2009-04-17 13:14:35 [NdbApi] INFO     -- Management server closed connection early. It is probably being shut down (or has problems). We will retry the connection. 1006  Illegal reply from server line: 2803
2009-04-17 13:14:35 [NdbApi] INFO     -- Management server closed connection early. It is probably being shut down (or has problems). We will retry the connection. 1006  Illegal reply from server line: 2803
2009-04-17 13:14:35 [NdbApi] INFO     -- Management server closed connection early. It is probably being shut down (or has problems). We will retry the connection. 1006  Illegal reply from server line: 2803
Cluster Configuration
---------------------
[ndbd(NDB)]     2 node(s)
id=2 (not connected, accepting connect from 127.0.0.1)
id=3 (not connected, accepting connect from 127.0.0.1)

[ndb_mgmd(MGM)] 1 node(s)
id=47   @localhost  (mysql-5.1.32 ndb-6.4.3)

[mysqld(API)]   10 node(s)
id=4 (not connected, accepting connect from 127.0.0.1)
id=5 (not connected, accepting connect from 127.0.0.1)
id=6 (not connected, accepting connect from any host)
id=7 (not connected, accepting connect from any host)
id=8 (not connected, accepting connect from any host)
id=9 (not connected, accepting connect from any host)
id=10 (not connected, accepting connect from any host)
id=11 (not connected, accepting connect from any host)
id=12 (not connected, accepting connect from any host)
id=13 (not connected, accepting connect from any host)

...

Suggested fix:
Workaround: use ndbd instead of ndbmtd, it starts fine every time.

Real fix: ndbmtd should start without errors.
[17 Apr 2009 11:15] Henrik Ingo
ndb_error_report

Attachment: ndb_error_report_20090417132742.tar.bz2 (application/octet-stream, text), 121.84 KiB.

[17 Apr 2009 11:31] Jonas Oreland
logs you uploaded shows error occurring once, with ndbd NOT ndbmtd.
so statement that it's only ndbmtd is false.

generally "OS error code 5: Input/output error" is a OS error.
but we have made some work-around, and identified (for various) customers
some linux-kernel bugs/fixes addresses these.

a "dmesg" would be interesting.

also, customers experiencing this problem has gotten it on 6.3

---

conclusion: to make more progress on this we need more elements.
[17 Apr 2009 11:41] Henrik Ingo
Äsch... Sorry about this one guys.

What happens is actually a combination of [normal startup problem] + [old ndb_3_error.log]. I now realise the current problem does not create an error.log, I was just looking at an old file.
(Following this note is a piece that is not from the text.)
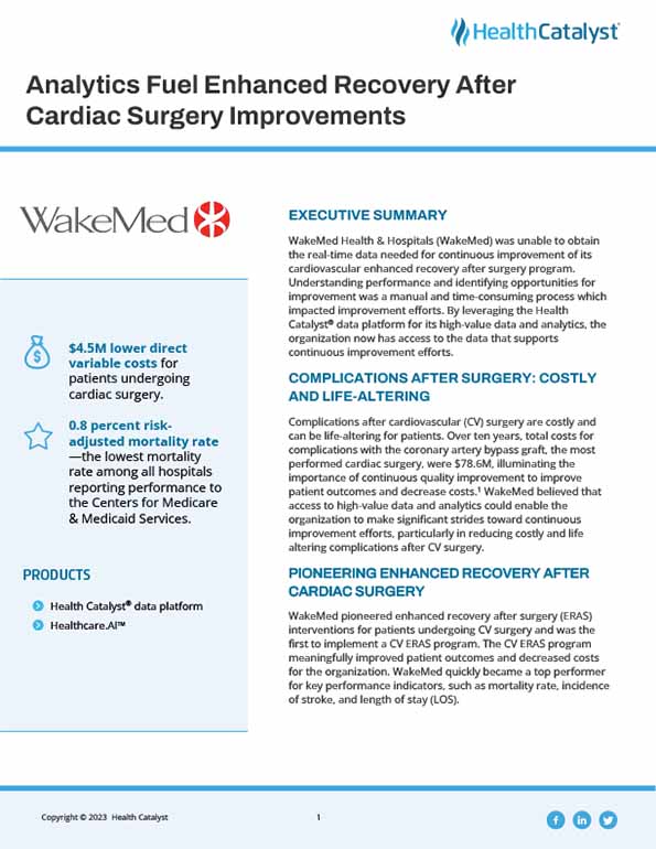 WakeMed Health & Hospitals (WakeMed) was unable to obtain the real-time data needed for continuous improvement of its cardiovascular enhanced recovery after surgery program. Understanding performance and identifying opportunities for improvement was a manual and time-consuming process which impacted improvement efforts. By leveraging the Health Catalyst® data platform for its high-value data and analytics, the organization now has access to the data that supports continuous improvement efforts.
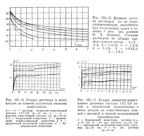 На рис. III—4 представлены данные, показывающие, что в кладках с различными абсорбционными свойствами усадка известкового раствора оказалась в 1,2—2,4 раза меньше, чем смешанного раствора. Аналогичные данные были получены В. А. Степаняном [122] при проведении опытов с кладками из туфов. Это явление вполне закономерно и объясняется повышенной водоудерживающей способностью известковых растворов (рис. III—5) и отсутствием в них цемента.

My current error is simply:

2009-04-17 14:34:50 [ndbd] ERROR    -- Unable to setup transporter service port: 192.168.0.100:0!
Please check if the port is already used,
(perhaps the node is already running)
globalTransporterRegistry.start_service() failed
2009-04-17 14:34:50 [ndbd] ALERT    -- Node 3: Forced node shutdown completed.

This would likely be because I'm on 3G today, so the interface that normally would have that IP address is not up.

Feel free to close the bug. (The ndb_3_error.log file might actually have something to do with the problem I used to have, but today is not a reproduction of that one, unfortunately.)
[17 May 2009 23:00] Bugs System
No feedback was provided for this bug for over a month, so it is
being suspended automatically. If you are able to provide the
information that was originally requested, please do so and change
the status of the bug back to "Open".
[18 May 2009 5:52] Henrik Ingo
This bug should be closed.

As explained above, the error was because I was using 3G, while in my config.ini I actually had specified some IP addresses from my internal LAN. (And then mistakenly looked at some old error file.)